What you need to do: Using the data below, transcribe exactly everything from the line that contains "Цвет #97EC0B в" down to the line that contains "MUZEN Mate3 профессиональный". Include both of those lines and none of the pictures.

Information shown:
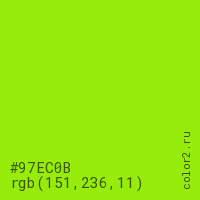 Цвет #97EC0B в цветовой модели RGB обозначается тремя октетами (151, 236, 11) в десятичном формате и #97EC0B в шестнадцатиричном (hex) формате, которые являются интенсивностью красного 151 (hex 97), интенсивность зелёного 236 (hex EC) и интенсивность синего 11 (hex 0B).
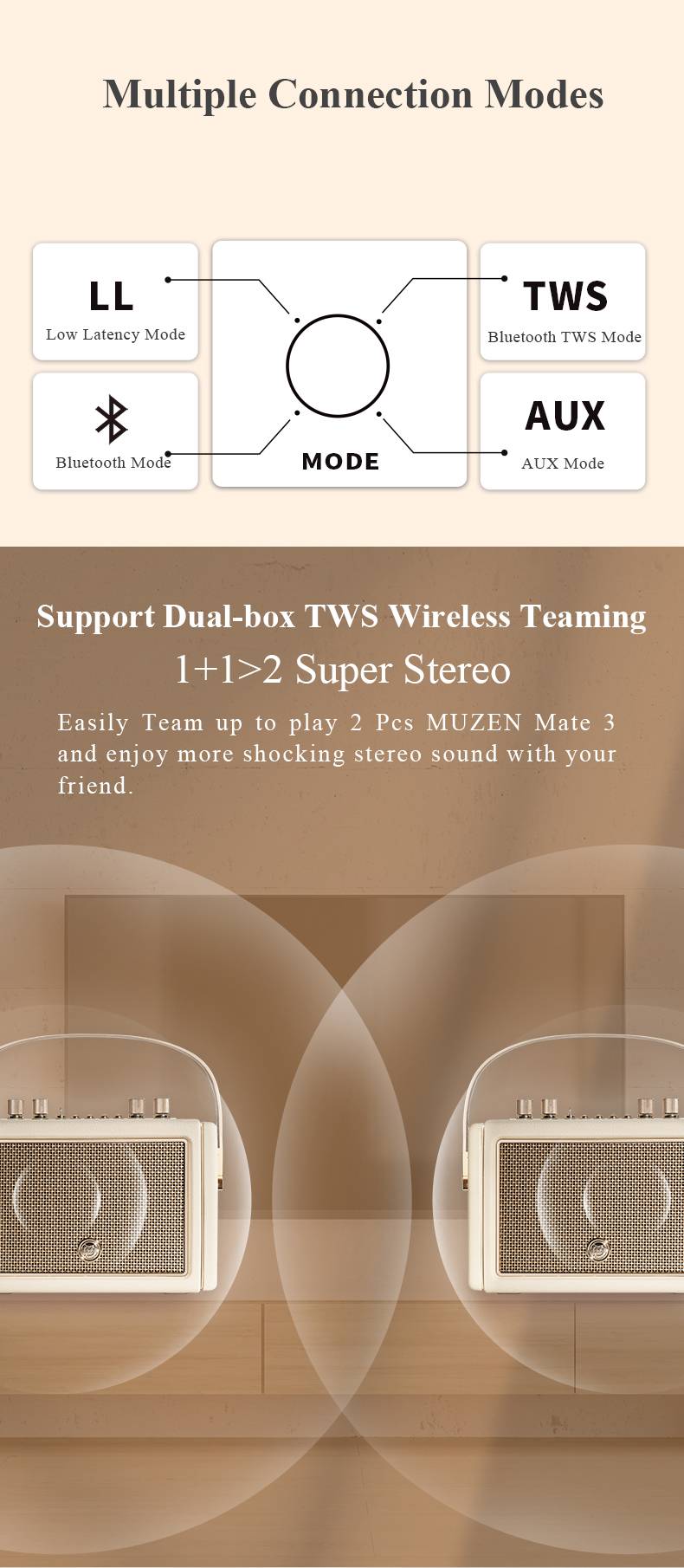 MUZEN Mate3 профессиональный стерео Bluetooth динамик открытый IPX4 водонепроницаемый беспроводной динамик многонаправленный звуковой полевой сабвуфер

---

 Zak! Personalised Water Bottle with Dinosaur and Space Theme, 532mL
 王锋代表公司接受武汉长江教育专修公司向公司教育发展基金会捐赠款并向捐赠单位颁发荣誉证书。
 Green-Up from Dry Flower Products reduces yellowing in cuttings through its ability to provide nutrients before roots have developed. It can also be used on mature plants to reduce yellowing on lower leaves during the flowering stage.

Result of this task:
 Цвет #97EC0B в цветовой модели RGB обозначается тремя октетами (151, 236, 11) в десятичном формате и #97EC0B в шестнадцатиричном (hex) формате, которые являются интенсивностью красного 151 (hex 97), интенсивность зелёного 236 (hex EC) и интенсивность синего 11 (hex 0B).
 MUZEN Mate3 профессиональный стерео Bluetooth динамик открытый IPX4 водонепроницаемый беспроводной динамик многонаправленный звуковой полевой сабвуфер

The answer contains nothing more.